* **WHAT YOU HAVE TO DO**
For the records that follow, please set down exactly the lines between the one holding "เฟืองโซ่เหล็ก 2 แถว แบบแผ่นเรียบ 04B-2R-57TA" and the one holding "Gilet transparent de", inclusive, and only those.

* **GIVEN ENTRIES**

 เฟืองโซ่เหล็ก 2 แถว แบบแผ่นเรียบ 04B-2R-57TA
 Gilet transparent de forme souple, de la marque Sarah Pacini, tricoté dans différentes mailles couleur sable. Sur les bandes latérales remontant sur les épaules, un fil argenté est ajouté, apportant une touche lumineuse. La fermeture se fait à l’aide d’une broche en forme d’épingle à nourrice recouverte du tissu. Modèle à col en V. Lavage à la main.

...

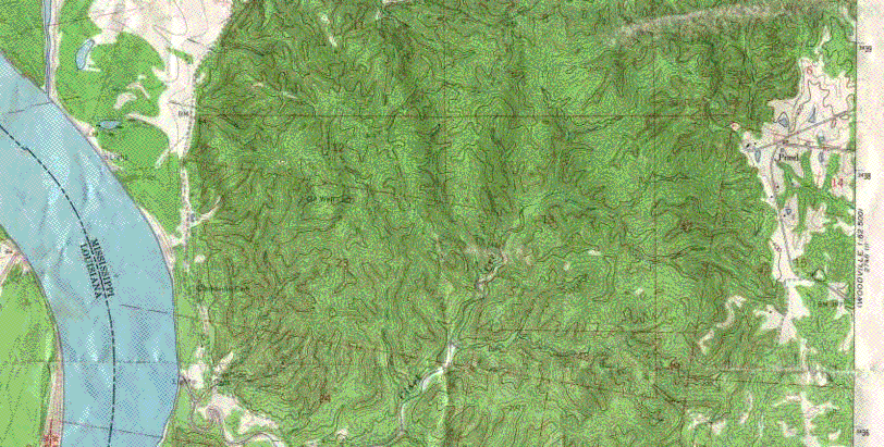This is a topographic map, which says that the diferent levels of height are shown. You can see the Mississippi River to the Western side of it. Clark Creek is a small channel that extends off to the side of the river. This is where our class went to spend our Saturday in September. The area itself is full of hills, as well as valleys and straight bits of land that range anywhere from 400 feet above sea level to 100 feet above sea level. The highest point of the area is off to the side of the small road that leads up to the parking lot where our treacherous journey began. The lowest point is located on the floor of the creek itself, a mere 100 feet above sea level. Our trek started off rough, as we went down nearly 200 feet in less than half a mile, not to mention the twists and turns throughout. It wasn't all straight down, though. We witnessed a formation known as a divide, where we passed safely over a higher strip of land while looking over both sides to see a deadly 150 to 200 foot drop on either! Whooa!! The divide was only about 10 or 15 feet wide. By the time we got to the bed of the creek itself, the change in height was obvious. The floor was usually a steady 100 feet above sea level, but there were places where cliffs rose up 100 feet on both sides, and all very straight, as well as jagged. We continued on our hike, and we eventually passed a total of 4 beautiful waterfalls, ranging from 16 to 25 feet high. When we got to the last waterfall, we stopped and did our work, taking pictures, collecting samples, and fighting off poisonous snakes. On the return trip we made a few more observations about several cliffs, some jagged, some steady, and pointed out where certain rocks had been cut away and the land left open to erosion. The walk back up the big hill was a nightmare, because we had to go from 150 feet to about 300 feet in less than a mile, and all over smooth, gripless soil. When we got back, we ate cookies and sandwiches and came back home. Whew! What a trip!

---

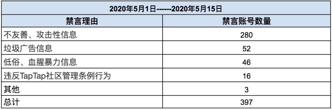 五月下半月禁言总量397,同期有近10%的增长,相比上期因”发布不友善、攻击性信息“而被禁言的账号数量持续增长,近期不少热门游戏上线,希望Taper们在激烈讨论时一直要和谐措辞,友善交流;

* **WRITTEN RESPONSE**
 เฟืองโซ่เหล็ก 2 แถว แบบแผ่นเรียบ 04B-2R-57TA
 Gilet transparent de forme souple, de la marque Sarah Pacini, tricoté dans différentes mailles couleur sable. Sur les bandes latérales remontant sur les épaules, un fil argenté est ajouté, apportant une touche lumineuse. La fermeture se fait à l’aide d’une broche en forme d’épingle à nourrice recouverte du tissu. Modèle à col en V. Lavage à la main.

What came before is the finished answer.